Aziraphale has a new type of book; Crowley reads something he doesn't like.

Work Text:

"What is it?" Crowley asked, fascinated, hitching his toga up over his shoulder.

"It's a book," Aziraphale said, grinning proudly and shoving it at him. "Isn't it clever?"

"It's so neat," Crowley said, lifting the book in one hand. "Did you give them the idea?"

"No," Aziraphale said, "they came up with it all by themselves." He smiled as happily as a doting new father presented with a fat and gurgling baby.

"Much handier than scrolls," Crowley said, looking about him at the scrolls heaped on Aziraphale's table, filed on shelves on the back wall and held open with weights on the angel's reading desk. "But do you think it'll really catch on?"

"I believe so," Aziraphale said with just the slightest edge of malice in his voice. "The people involved have a certain . . . incentive. Have a look inside."

Crowley curiously opened the book and read a couple of lines before dropping it as if it were a particularly unpleasant dog turd he had suddenly found in his hand.

"Ugh! You might have warned a fellow, angel."

He wiped his hands compulsively on a corner of his toga, shivering. Aziraphale smiled cheerfully, feeling that he had perhaps been a little mean to the poor chap, but it felt remarkably pleasant to see the yellow eyes widen in reflexive fear. It wasn't a result Aziraphale got all that often. Still, he thought, love your enemies and all that. Poor Crowley was looking a bit pale and miserable as he stared down at the book.

"Why don't we have a drink, and you can tell me all about your latest schemes?" he said cheerfully.

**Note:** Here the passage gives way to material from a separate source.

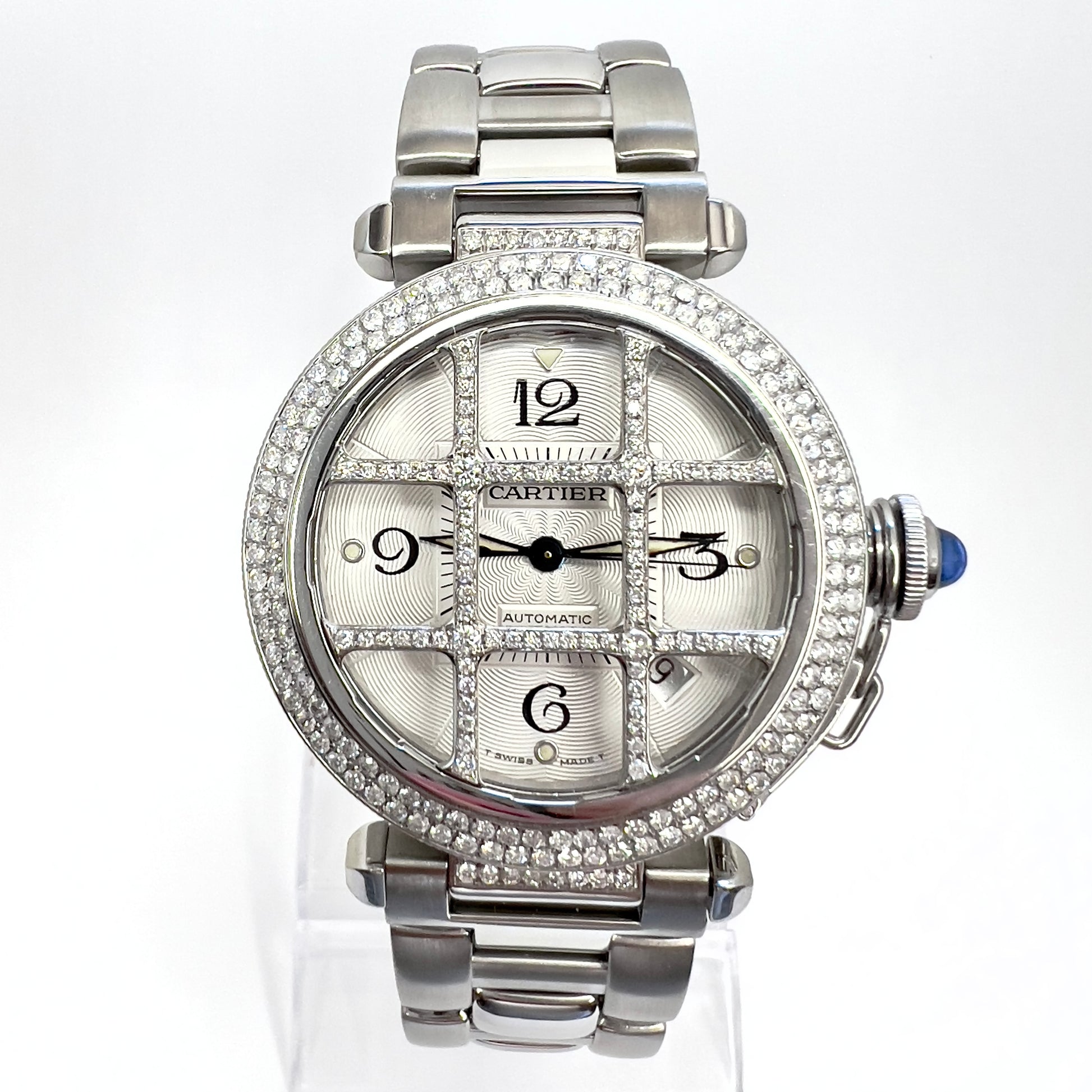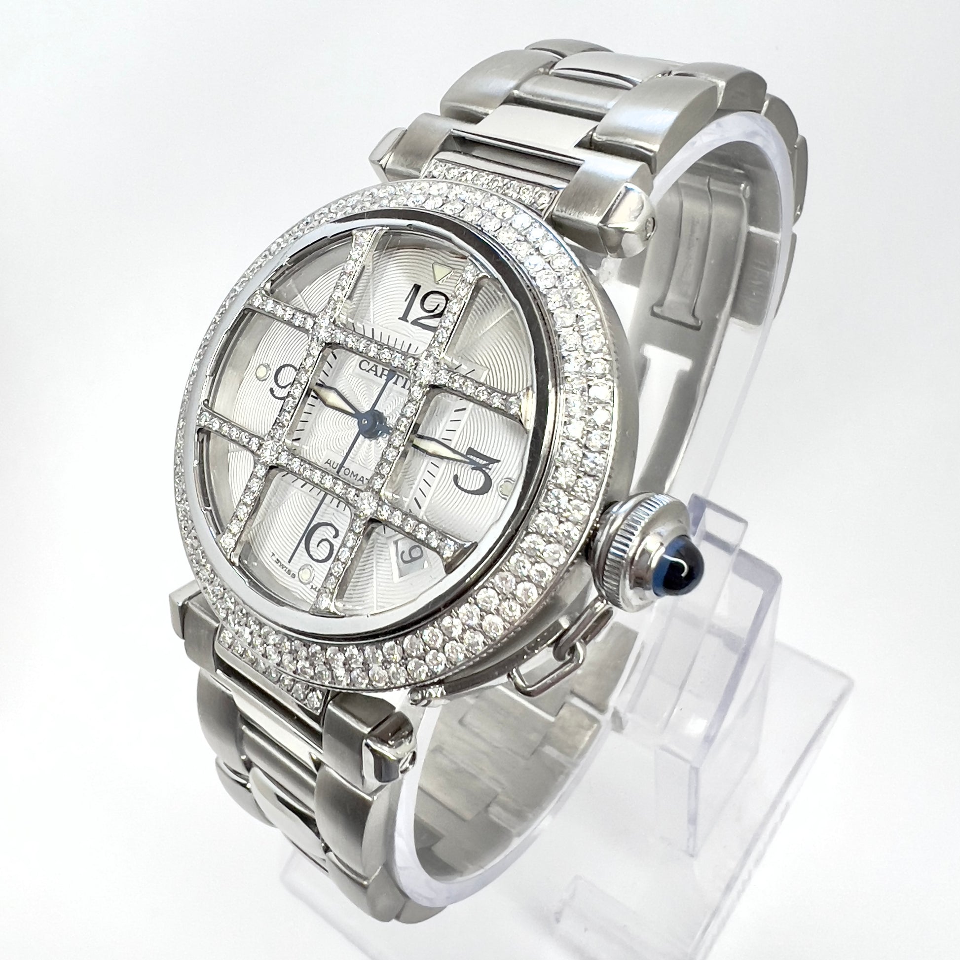 Authentic Pre Owned CARTIER PASHA GRID 38mm Automatic Steel 2.05TCW DIAMOND Watch

Crowley perked up at that, and Aziraphale ushered him away to the garden, where they sat happily, drinking the very good wine that Aziraphale always made sure he had at least three amphorae of. Soon they had quite forgotten advances in the technology of literacy, and were giggling over the outrageous things humans did when they thought no one was watching.

The book lay on Aziraphale's table, still open to the passage Crowley had read.

And while they were there, the time came for her to be delivered. And she gave birth to her first-born son and wrapped him in swaddling cloths, and laid him in a manger, because there was no room for them in the inn.